* _WORK ORDER_
Leaving every picture out, please return exactly the lines from the top of the material below through the line with "We live next", both included.

* _SUPPLIED RECORDS_
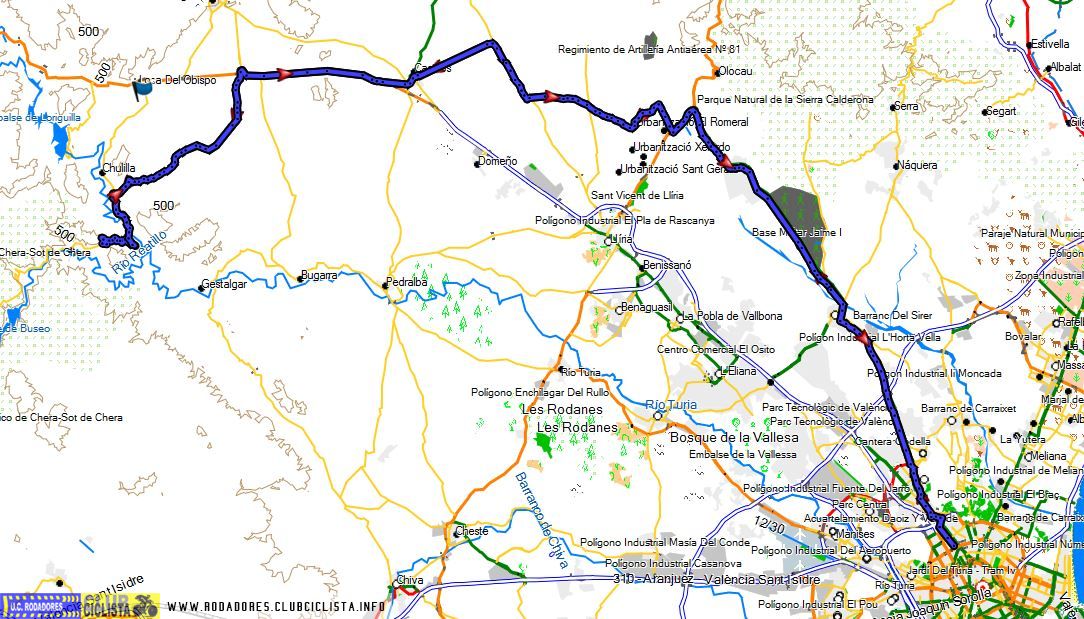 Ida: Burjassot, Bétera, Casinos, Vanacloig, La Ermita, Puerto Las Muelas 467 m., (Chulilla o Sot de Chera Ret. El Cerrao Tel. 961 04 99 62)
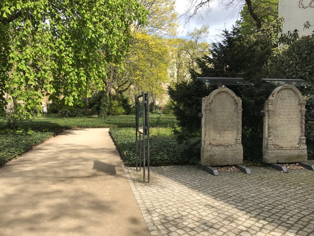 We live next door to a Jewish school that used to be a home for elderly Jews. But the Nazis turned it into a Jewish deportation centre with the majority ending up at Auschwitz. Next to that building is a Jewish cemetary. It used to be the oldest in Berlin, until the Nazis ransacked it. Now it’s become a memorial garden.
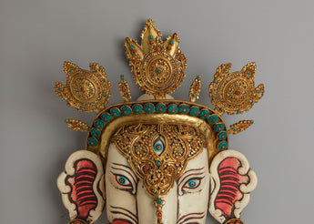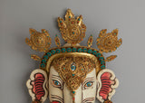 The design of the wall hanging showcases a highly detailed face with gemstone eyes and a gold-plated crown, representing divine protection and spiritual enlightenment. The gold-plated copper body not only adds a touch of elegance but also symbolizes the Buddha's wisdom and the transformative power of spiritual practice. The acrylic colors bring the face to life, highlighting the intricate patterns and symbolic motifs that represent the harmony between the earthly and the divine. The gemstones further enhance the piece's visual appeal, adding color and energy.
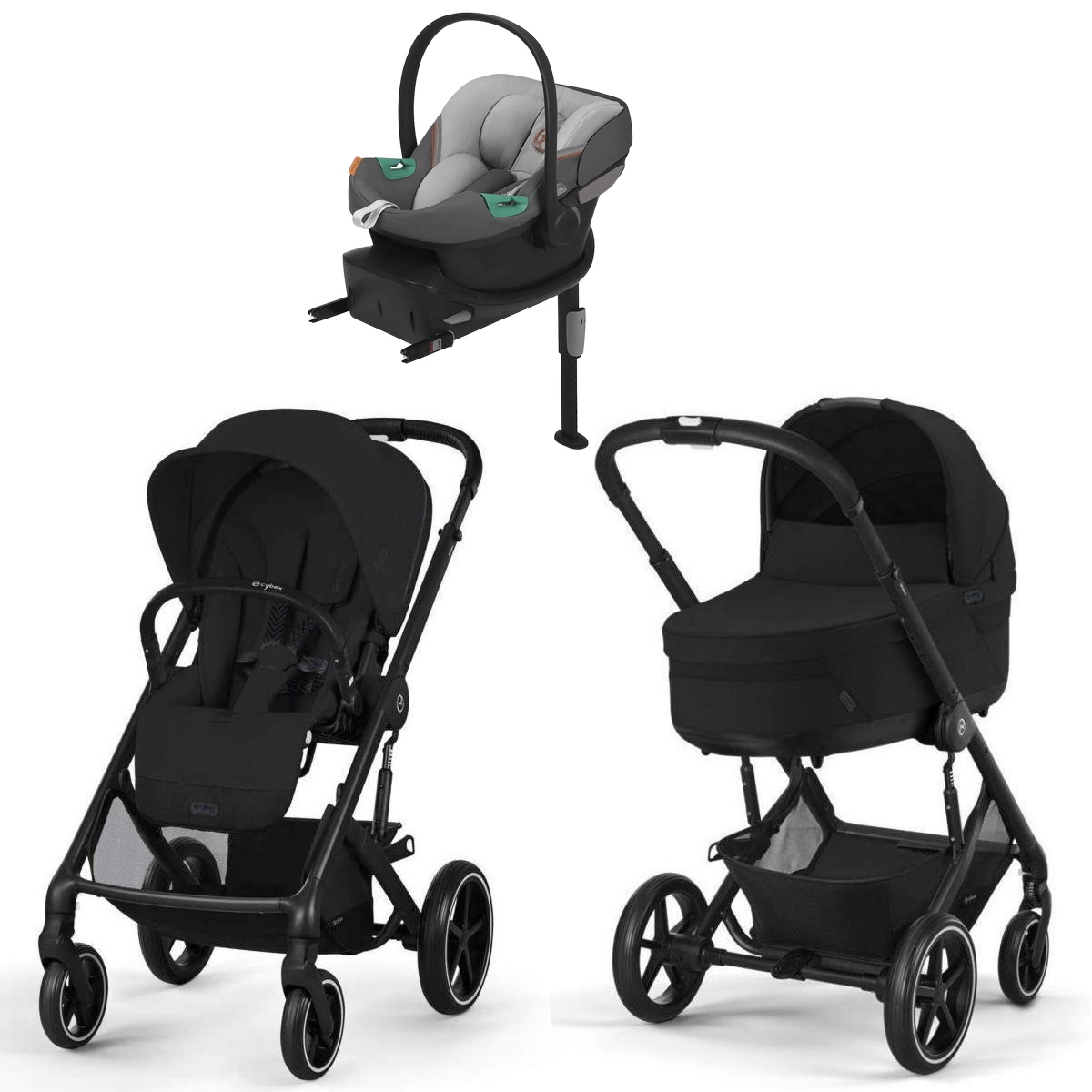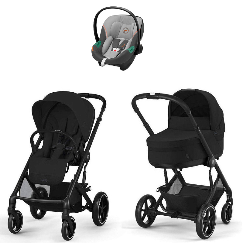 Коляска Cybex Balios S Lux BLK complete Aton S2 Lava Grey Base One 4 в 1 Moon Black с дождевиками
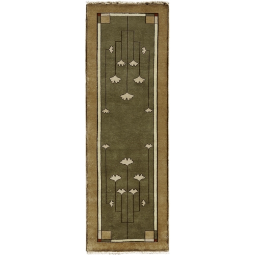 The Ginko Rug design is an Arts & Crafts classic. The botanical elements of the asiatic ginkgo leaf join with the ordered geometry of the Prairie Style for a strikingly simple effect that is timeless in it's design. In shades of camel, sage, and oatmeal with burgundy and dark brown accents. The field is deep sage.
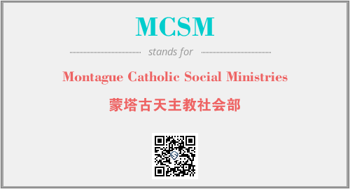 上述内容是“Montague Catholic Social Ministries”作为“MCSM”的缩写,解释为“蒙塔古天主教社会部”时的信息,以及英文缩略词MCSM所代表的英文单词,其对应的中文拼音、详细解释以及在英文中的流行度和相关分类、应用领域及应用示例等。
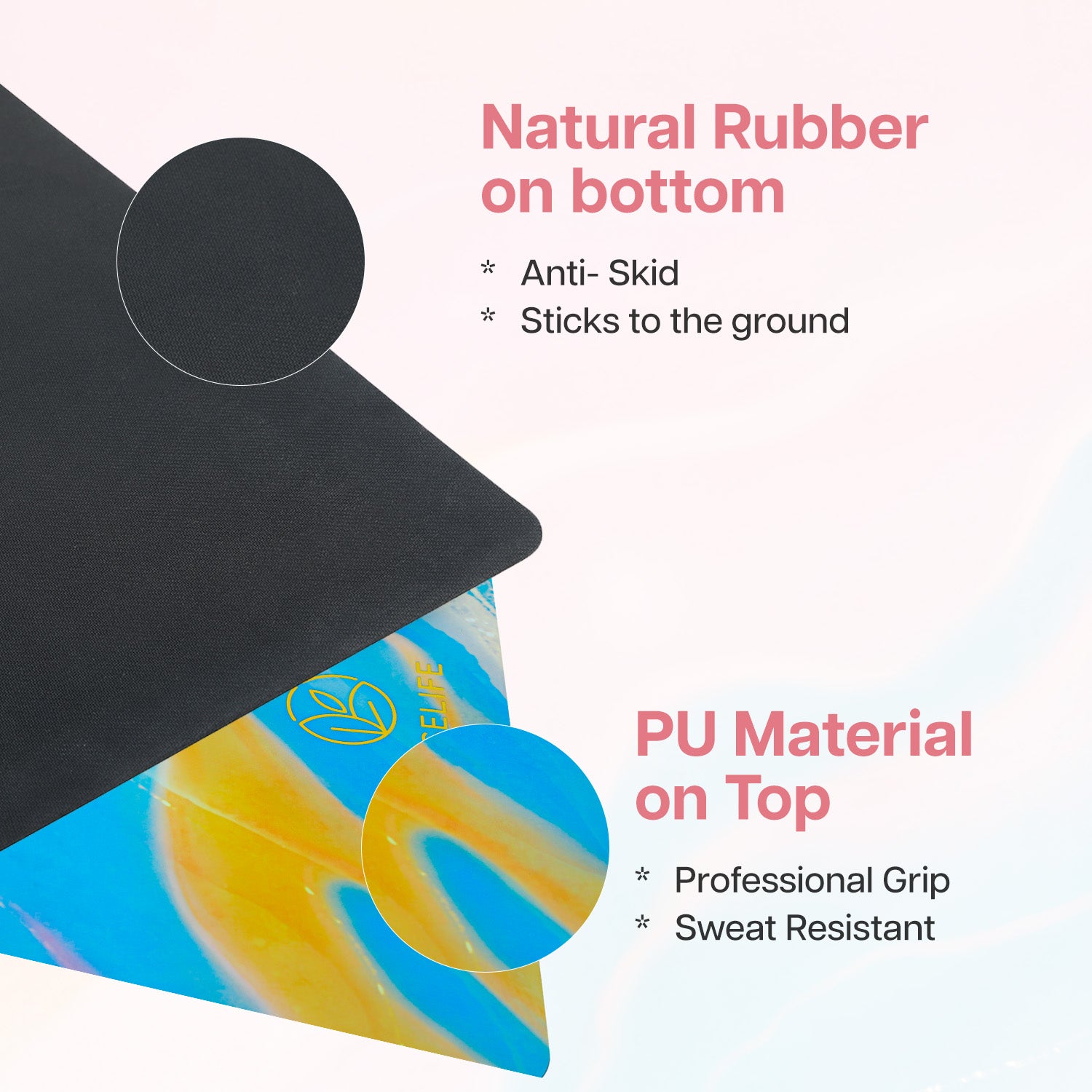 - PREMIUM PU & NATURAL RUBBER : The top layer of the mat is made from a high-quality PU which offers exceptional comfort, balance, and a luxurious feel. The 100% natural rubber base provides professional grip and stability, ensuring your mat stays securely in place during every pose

* _OUTPUT OF THE TASK_
 Ida: Burjassot, Bétera, Casinos, Vanacloig, La Ermita, Puerto Las Muelas 467 m., (Chulilla o Sot de Chera Ret. El Cerrao Tel. 961 04 99 62)
 We live next door to a Jewish school that used to be a home for elderly Jews. But the Nazis turned it into a Jewish deportation centre with the majority ending up at Auschwitz. Next to that building is a Jewish cemetary. It used to be the oldest in Berlin, until the Nazis ransacked it. Now it’s become a memorial garden.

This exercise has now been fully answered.